“Tarihten bugüne insanlık doğa ve hayvanlarla iç içe yaşamıştır. Gittikçe gelişime aç bir tekno çağla birlikte insan egolarında sınır tanımamış kendini artan nüfusla birlikte doğayı beton yığınlarına terketmiş, hem kendini hem doğa hem de hayvanlara yaşanılacak dünyayı kendi cehennemiyle formatlamıştır.

Her bitki ve hayvan doğanın bir parçasıdır. Ve doğada her biri yaşam için uygun koşullara hizmet etmektedir. Bu iç güdüsel bir oluşumun sürecidir. Tanrısal boyutludur.

Örneklersek kedileri yok etmek şehirleri fare istilasına, tavukları... bitirmek çekirge ve böcek istilasına neden olacaktır. Bu zaman zaman deneyimlenmiştir.

Son zamanlarda insanlık dışı katliamların olması çok manidardır. Barınaklar acilen kapatılmalıdır. Amaçlarının dışında her biri ölüm makinası halini almıştır. Bunun için çözümler elbette ki var.

1-Barınaklar kapatılmalı şehir parklarının bir köşesinde rehabilite odaları yapılmalı. Şehirde sokak hayvanları doğru ve gerçek anlamda kısırlaştırılıp sayıları kontrol altında tutulmalıdır

2-Sokak hayvanları sahiplendirilmeye teşvik edilmeli. Devlet bu insanlara beslenme ve rehabilitesi için yardım kaynakları sunmalı, Cazip hale getirmelidir.

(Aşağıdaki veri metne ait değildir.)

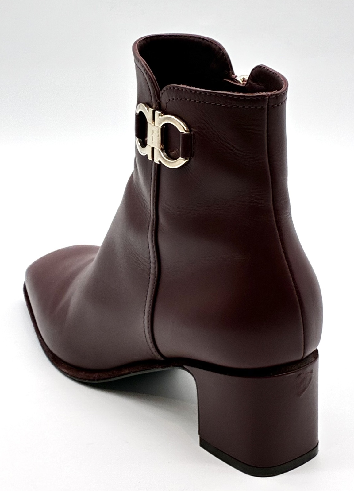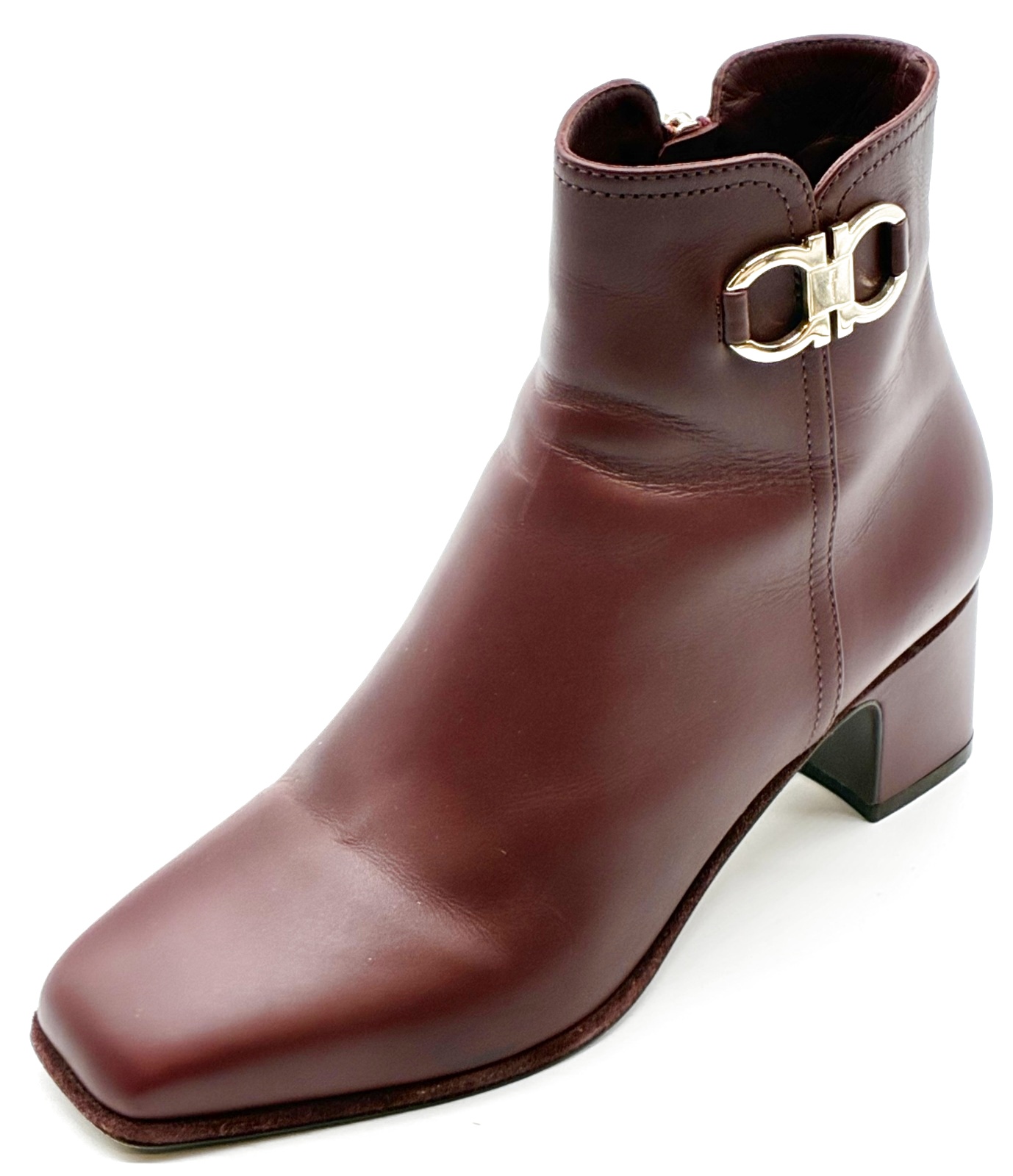 OLD FERRAGAMO(オールドフェラガモ)ボルドーレザーガンチーニ金具付きショートブーツ 7 1/2

3-Sokağa terkedilen hayvanlar için ağır cezalandırma prosödürleri oluşturulmalıdır.

4-Gezici veteriner kollukları oluşturulmalı ve ödüllendirilmelidirler.

5-Hayvan hakları ve insan hakları kıyaslanmadan yasama sevgi ve saygı ile mümkün hale getirilecek ilkokul ve anasınıfları düzeyinde derslikler verilmeli insanlar bu konuda eğitim almalıdır. Küçük yaşta doğa, insan, hayvan sevgisi kazandırılmalı. Bilinç aşılanmalıdır.

6-Tüm sahipli sahipsiz hayvanlar ücretsiz çip ve aşı uygulanmasına dahil edilmelidir. Bu durum tüm bulaşıcı hastalıkların engeli ve sağlıklı toplum için bir adımdır. Belediyeler mama aşı yardı oluşturmalıdır.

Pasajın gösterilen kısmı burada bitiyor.